Do you get it – you aren’t good legs, nice but, shiny hair. They are a part of you but they don’t have to define you. You are much more than that. You just have to believe it. And that sometimes requires consistent work on yourself.

Or if you are lucky enough, like me to have some straight talking, best friend that sees you for more than your exterior, you have to start listening to them. They LOVE and SEE you in a different light.

The people who really matter will love you regardless of how you look. Remember that, don’t shrug it off. Because life if full of tragedy and joy. And it is short. So if you are consumed with your appearance life is going to whiz on by while you are still looking in the mirror. And in the end people don’t miss someone with a nice body they miss “that” person who was something so much more to them.

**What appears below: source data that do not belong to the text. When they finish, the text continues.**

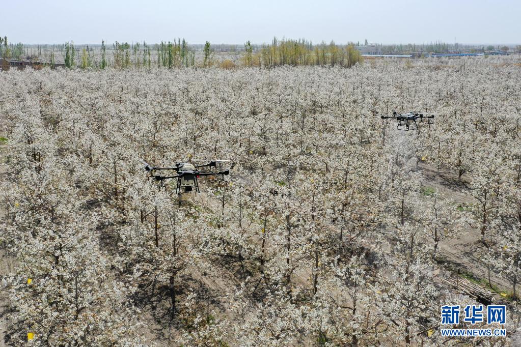 新華全媒+丨新疆:梨農(nóng)授粉用上無人機(jī)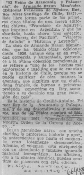 Autores chilenos - Braun Menéndez, Armando - Reino de Araucanía y Patagonía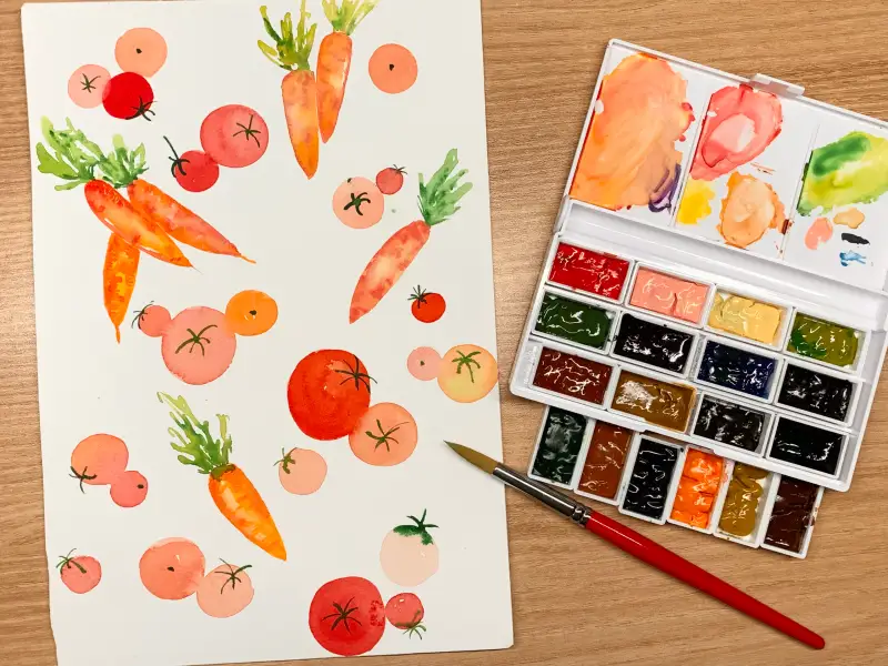 제가 구독하고 있는 외국 그림유튜브 채널을 보며 배운 것을 믹스해서 그려보았습니다. 이번 기회로 간단하게 방울토마토와 당근 그리는 방법을 배울 수 있었습니다:)
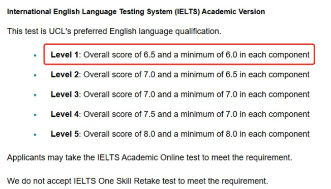 雅思要求:分为五个类别,从level 1到level 5,最低6.5(6.0).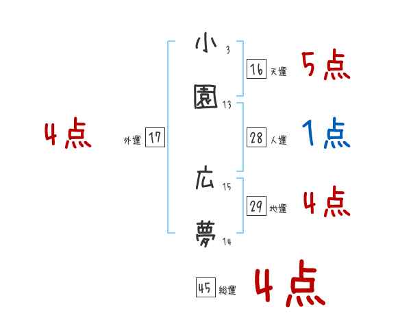 天運![]() | 小園広夢さんの天運は16画の5つ星!人望が厚く大きく発展する。逆転成功が見える。 家系が持つ宿命的な運勢を表します。祖先から受け継いだ苗字ですので自分の力が及びません。家柄を象徴します。 |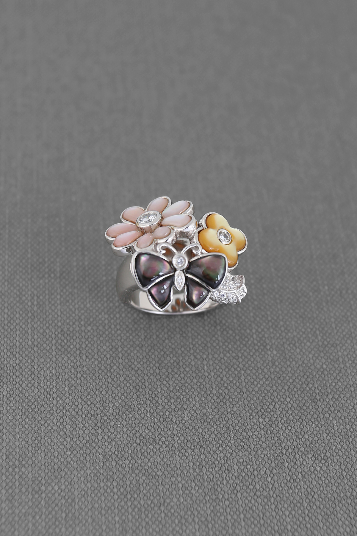 Exquisite siver ring in garden design, fully hand made piece, inlaid with different genuine color stones.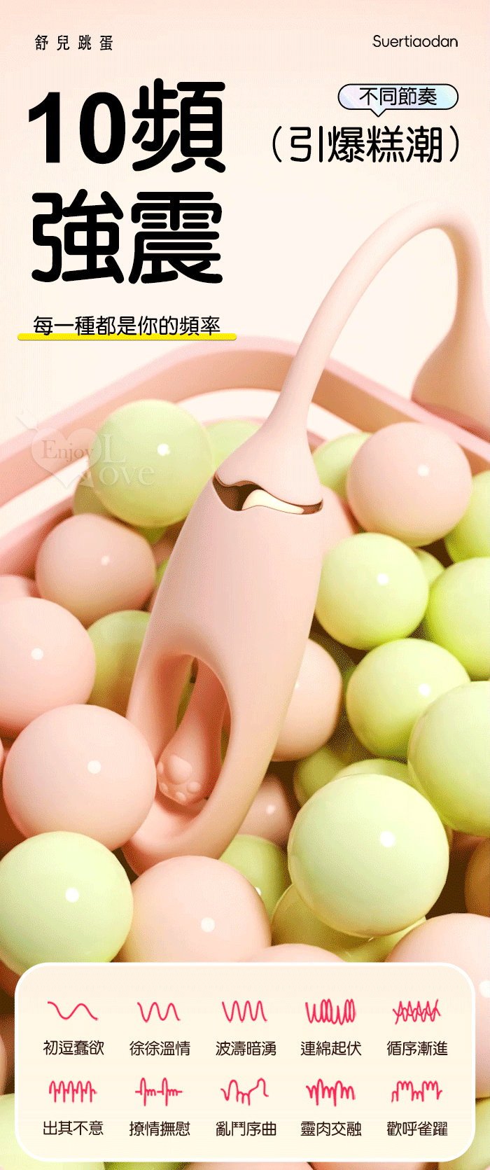 | ROSELEX 舒兒 ‧ 全方位拍打撩撥/酥麻爽震 跳蛋按摩器﹝10頻獨立調控/入體強震+內腔拍擊﹞粉

     3. Diet/Food/Nutrition is not the wholly grail for health. 

Don’t get me wrong I post my food – for a reason. I DO NOT want to show off my bone broth/my kitchen/or myself to make you feel worse about yourself, quite the opposite actually (P.S. If this happens to you, I highly suggest to unfollow me and those else who make you feel this way and concentrate on yourself, I truly mean this, comparing yourself to others on social media is a total waste of time).

I want to inspire and give people tools and ideas to create healthy meals for themselves and their family. Because food is a necessity for our survival. And when we get it right for our body it has the ability to nourish and allow us to flourish.

However nutrition is one of many pillars to create optimal HEALTH -and one that is getting a lot of attention. But let’s not forget about the other equally important PILLARS to health – Like SLEEP, RECOVERY, MOVEMENT, PLEASURE, STRESS MANAGEMENT, FUN, PLAY and SOCIAL CONNECTION.

These things also dictate and have a direct effect on positive or negative outcomes in your body.  So please keep a balance. If you find yourself obsessing over food and exercise maybe reevaluate what is really important in life and ask for help.

     4. Health is so much more than EAT WELL ,TRAIN MORE, REPEAT

I recently read an alternative definition of what “health” really is from Chris Kresser that I really love.

“Health is: the ability to live your dreams.”

I love it – Plain and simple. What more can we really strive for.